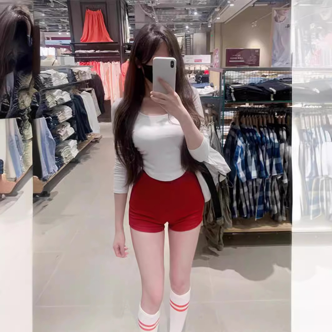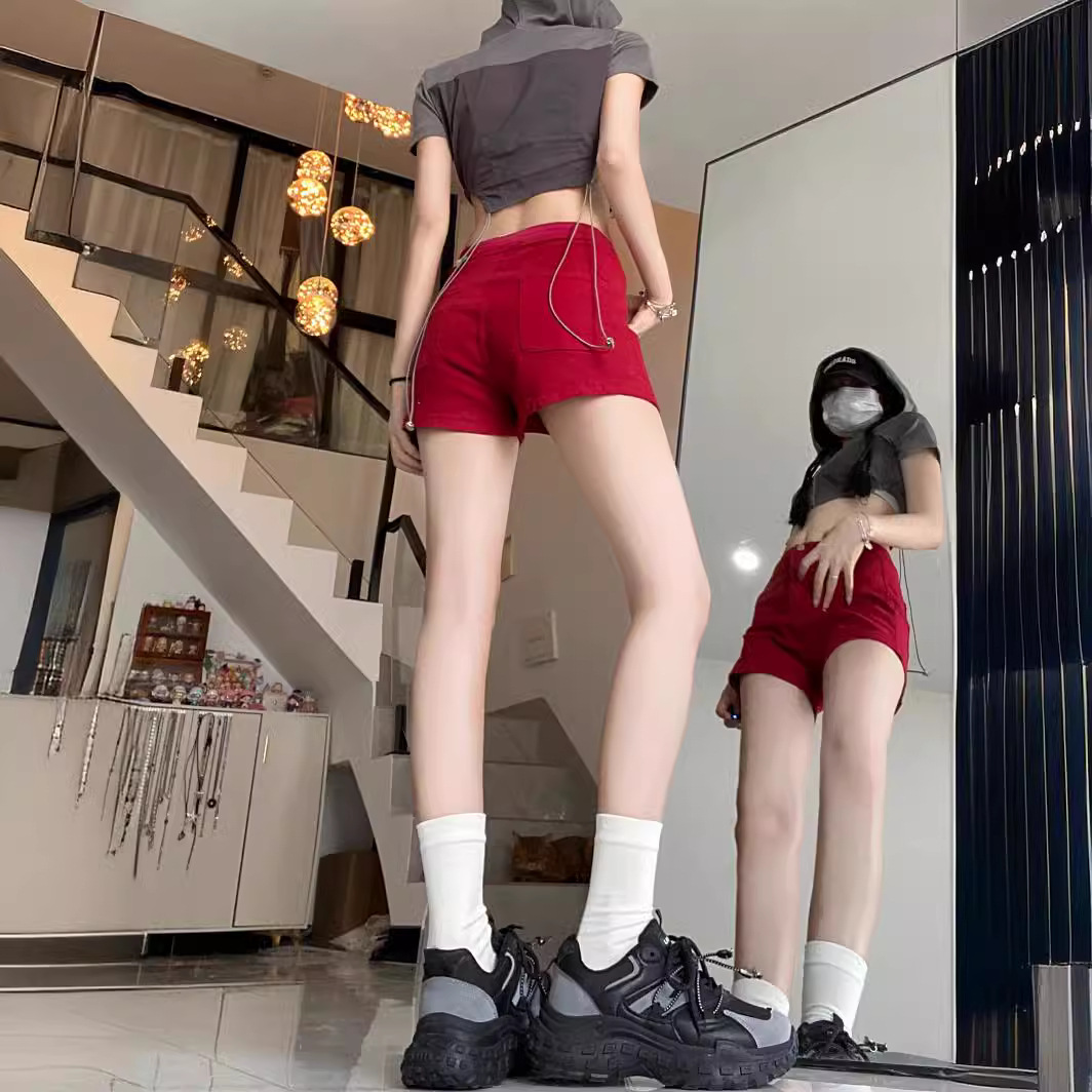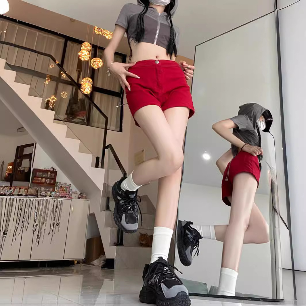 Rote Retro-Jeans shorts mit hoher Taille für Frauen 2024 neue heiße Sommer-Basis tragen süße und heiße amerikanische Hosen
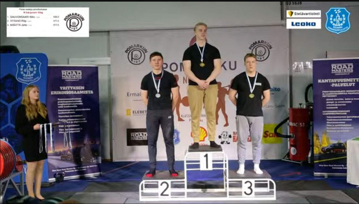 I bänken visste vi att han kunde vara med och slåss om medaljerna och han fick till det bra och satte alla sina tre lyft med 160kg lastat i sista vilket innebar delgrensguld, personbästa och nytt åländskt junior-rekord.
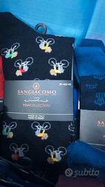28 paia di calze uomo fantasia Sangiacomo in morbidissimo caldo cotone di alta qualità. Lunghezza al ginocchio. Misure 39\41, 42/43, 44/46. Colori assortiti
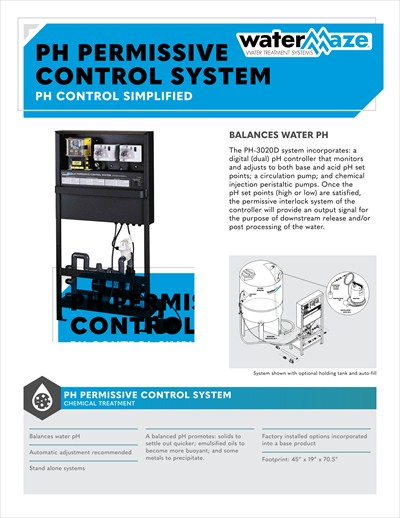 The PH-3020D system functions as a pH meter and controller, designed to simplify wastewater treatment by promoting quicker settling of solids, increased buoyancy of emulsified oils, and precipitation of certain metals. Extreme pH levels can adversely affect water treatment system performance, making automatic pH adjustment highly recommended. Water Maze offers various automatic pH control systems, some integrated into the base product, others available as factory-installed options or standalone systems. The PH-3020D includes a digital pH controller that monitors and adjusts both base and acid pH ranges, a circulation pump, and chemical peristaltic pumps. Once the pH set points are met, the controller's permissive interlock system signals downstream release and/or post-processing of the water. This system provides efficient and automated pH control for enhanced wastewater treatment.
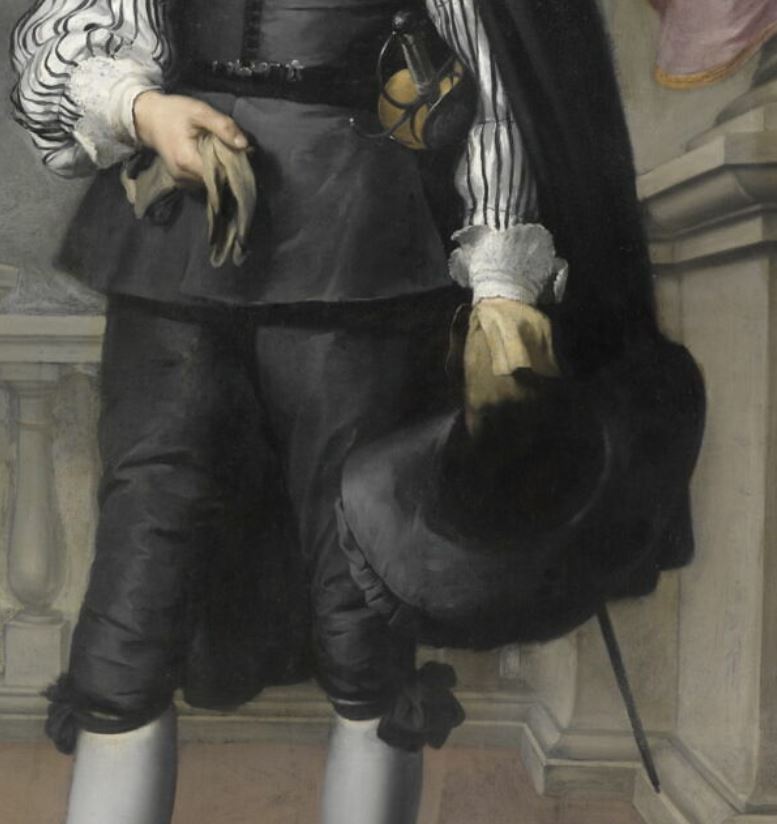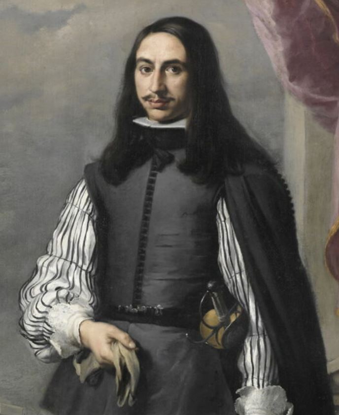 portrait (Velasco Inigo Melchior Fernandez de, homme, en pied, épée, gant, chemise : rayure, chapeau, colone, draperie)
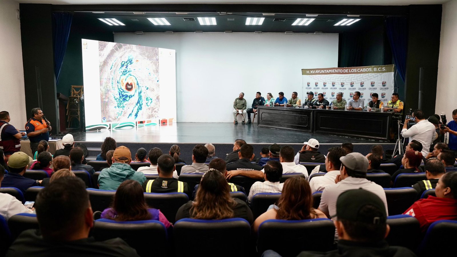Durante la asamblea, se informó que desde la tarde del mismo jueves fueron habilitados 21 refugios temporales que integran el plan A de contingencia, así como como trabajos preventivos y de evacuación en colonias catalogadas como de alto riesgo, sumando hasta la noche del jueves un total de 76 personas refugiadas; 28 en San José del Cabo, 45 en Cabo San Lucas y 3 en Miraflores.
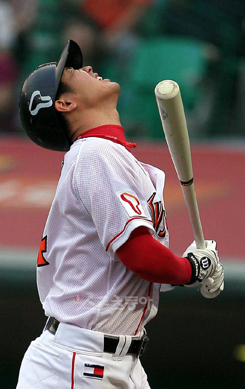 6일 저녁 인천 문학야구장에서 2010 프로야구 SK 와이번스와 삼성 경기가 열렸다. 2회말 SK 공격 1사상황에서 최정이 몸에 볼을 맞고 고통스러워 하고 있다.
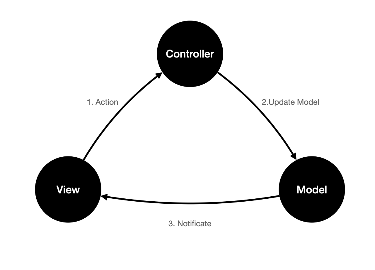 View를 통해 유저는 Action을 발생시킨다. 그 Action을 View 는 컨트롤러에 전달, 컨트롤러는 그것을 확인하여 모델의 업데이트를 진행하고, 업데이트 된 내용을 모델이 뷰로 Notification을 준다. 가장 간단하고 직관적인 흐름인 것 같다.
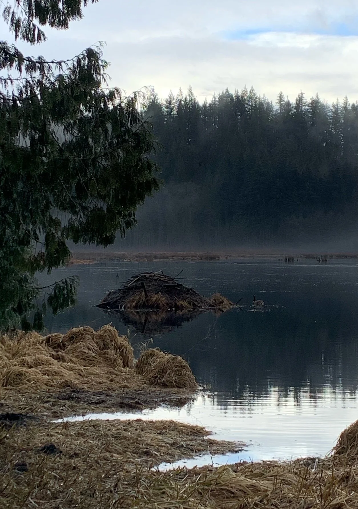 We had 11 people signed up for this hike, but due to a variety of reasons, (some transportation and weather forecast related) our numbers dwindled to two, plus two leaders. We woke up to heavy rain and seriously considered cancelling altogether. In the end we four heavily goretexed and optimistic souls had our faith rewarded. There was a break in the weather as we set off from the Quarry trailhead and we had no rain as we hiked through the marsh pathways, by beaver lodges and ducks. The trail went up through the forest to the rocky outcroppings and viewpoints. We had views over the Pitt River to the Fraser and learned a new word for the area: “polder”. From the Addington lookout we dropped down to the dike and walked a short way along the canal to a bird watching platform before making our way back to the Lower Marsh. There were washrooms and picnic tables overlooking the water which made a lovely lunch spot. It started to rain lightly as we finished eating, so we had a look around the historic Minnekhada lodge and then had only 1 km left back to the parking lot. It was a way better morning than any of us expected.
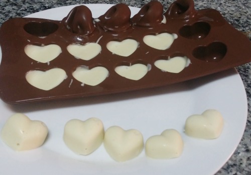 El chocolate blanco es mejor derretirlo al baño maría porque se queda en seguida y se te pasas unos segundos en el microondas, te tocará tirarlo. Por cierto, mucho cuidado con el agua del baño maría porque si salta una gota fastidiarás el chocolate.
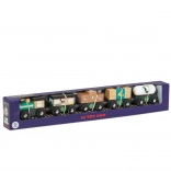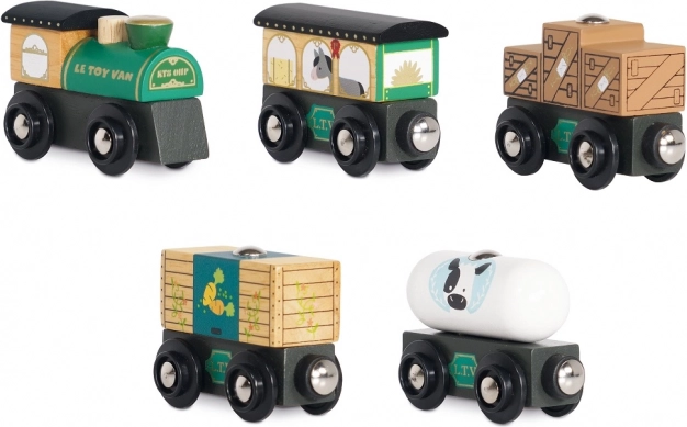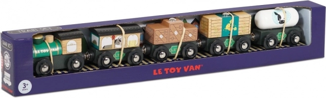 Schattige houten goederentrein in het groen van Le Toy Van, klaar voor fantasierijke avonturen. Gemaakt van duurzaam hout, met de hand nagewerkt met niet-giftige verf op waterbasis en dankzij magnetische koppelingen zijn de wagonnetjes eenvoudig te verbinden. Compatibel met de meeste houten treinbanen, stimuleert motoriek, taal en sociale vaardigheden. Ideaal voor kinderen vanaf 3 jaar.
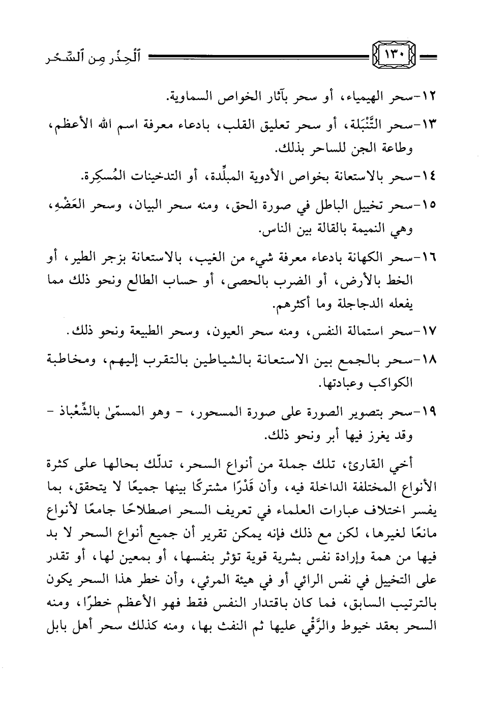 3- سحر التخييل، وقد سبق بيانه، وأنه على ضربين؛ إما بالتأثير في القوى المتخيِّلة للرائي وهي التي تكون في نفسه، أي: بالتأثير المعنوي والإيحاء لهذه القوى بصور يريدها الساحر، أو بالتأثير في قوة الإبصار المحسوسة بالاعتماد على أخطاء البصر بصرفه إلى مُبصَر معين حتى إذا حدّق فيه انصرف عن غيره، أو بإمهال البصر زمنًا غير كاف فيُشكِل عليه
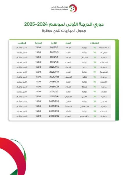 إصدار جدول مباريات نادي دوقرة بدوري الدرجة الأولى
§ §
Pictures aside, repeat every entry exactly as written.

**Reply to the exercise**
 Rote Retro-Jeans shorts mit hoher Taille für Frauen 2024 neue heiße Sommer-Basis tragen süße und heiße amerikanische Hosen
 I bänken visste vi att han kunde vara med och slåss om medaljerna och han fick till det bra och satte alla sina tre lyft med 160kg lastat i sista vilket innebar delgrensguld, personbästa och nytt åländskt junior-rekord.
28 paia di calze uomo fantasia Sangiacomo in morbidissimo caldo cotone di alta qualità. Lunghezza al ginocchio. Misure 39\41, 42/43, 44/46. Colori assortiti
 The PH-3020D system functions as a pH meter and controller, designed to simplify wastewater treatment by promoting quicker settling of solids, increased buoyancy of emulsified oils, and precipitation of certain metals. Extreme pH levels can adversely affect water treatment system performance, making automatic pH adjustment highly recommended. Water Maze offers various automatic pH control systems, some integrated into the base product, others available as factory-installed options or standalone systems. The PH-3020D includes a digital pH controller that monitors and adjusts both base and acid pH ranges, a circulation pump, and chemical peristaltic pumps. Once the pH set points are met, the controller's permissive interlock system signals downstream release and/or post-processing of the water. This system provides efficient and automated pH control for enhanced wastewater treatment.
 portrait (Velasco Inigo Melchior Fernandez de, homme, en pied, épée, gant, chemise : rayure, chapeau, colone, draperie)
Durante la asamblea, se informó que desde la tarde del mismo jueves fueron habilitados 21 refugios temporales que integran el plan A de contingencia, así como como trabajos preventivos y de evacuación en colonias catalogadas como de alto riesgo, sumando hasta la noche del jueves un total de 76 personas refugiadas; 28 en San José del Cabo, 45 en Cabo San Lucas y 3 en Miraflores.
 6일 저녁 인천 문학야구장에서 2010 프로야구 SK 와이번스와 삼성 경기가 열렸다. 2회말 SK 공격 1사상황에서 최정이 몸에 볼을 맞고 고통스러워 하고 있다.
 View를 통해 유저는 Action을 발생시킨다. 그 Action을 View 는 컨트롤러에 전달, 컨트롤러는 그것을 확인하여 모델의 업데이트를 진행하고, 업데이트 된 내용을 모델이 뷰로 Notification을 준다. 가장 간단하고 직관적인 흐름인 것 같다.
 We had 11 people signed up for this hike, but due to a variety of reasons, (some transportation and weather forecast related) our numbers dwindled to two, plus two leaders. We woke up to heavy rain and seriously considered cancelling altogether. In the end we four heavily goretexed and optimistic souls had our faith rewarded. There was a break in the weather as we set off from the Quarry trailhead and we had no rain as we hiked through the marsh pathways, by beaver lodges and ducks. The trail went up through the forest to the rocky outcroppings and viewpoints. We had views over the Pitt River to the Fraser and learned a new word for the area: “polder”. From the Addington lookout we dropped down to the dike and walked a short way along the canal to a bird watching platform before making our way back to the Lower Marsh. There were washrooms and picnic tables overlooking the water which made a lovely lunch spot. It started to rain lightly as we finished eating, so we had a look around the historic Minnekhada lodge and then had only 1 km left back to the parking lot. It was a way better morning than any of us expected.
 El chocolate blanco es mejor derretirlo al baño maría porque se queda en seguida y se te pasas unos segundos en el microondas, te tocará tirarlo. Por cierto, mucho cuidado con el agua del baño maría porque si salta una gota fastidiarás el chocolate.
 Schattige houten goederentrein in het groen van Le Toy Van, klaar voor fantasierijke avonturen. Gemaakt van duurzaam hout, met de hand nagewerkt met niet-giftige verf op waterbasis en dankzij magnetische koppelingen zijn de wagonnetjes eenvoudig te verbinden. Compatibel met de meeste houten treinbanen, stimuleert motoriek, taal en sociale vaardigheden. Ideaal voor kinderen vanaf 3 jaar.
 3- سحر التخييل، وقد سبق بيانه، وأنه على ضربين؛ إما بالتأثير في القوى المتخيِّلة للرائي وهي التي تكون في نفسه، أي: بالتأثير المعنوي والإيحاء لهذه القوى بصور يريدها الساحر، أو بالتأثير في قوة الإبصار المحسوسة بالاعتماد على أخطاء البصر بصرفه إلى مُبصَر معين حتى إذا حدّق فيه انصرف عن غيره، أو بإمهال البصر زمنًا غير كاف فيُشكِل عليه
 إصدار جدول مباريات نادي دوقرة بدوري الدرجة الأولى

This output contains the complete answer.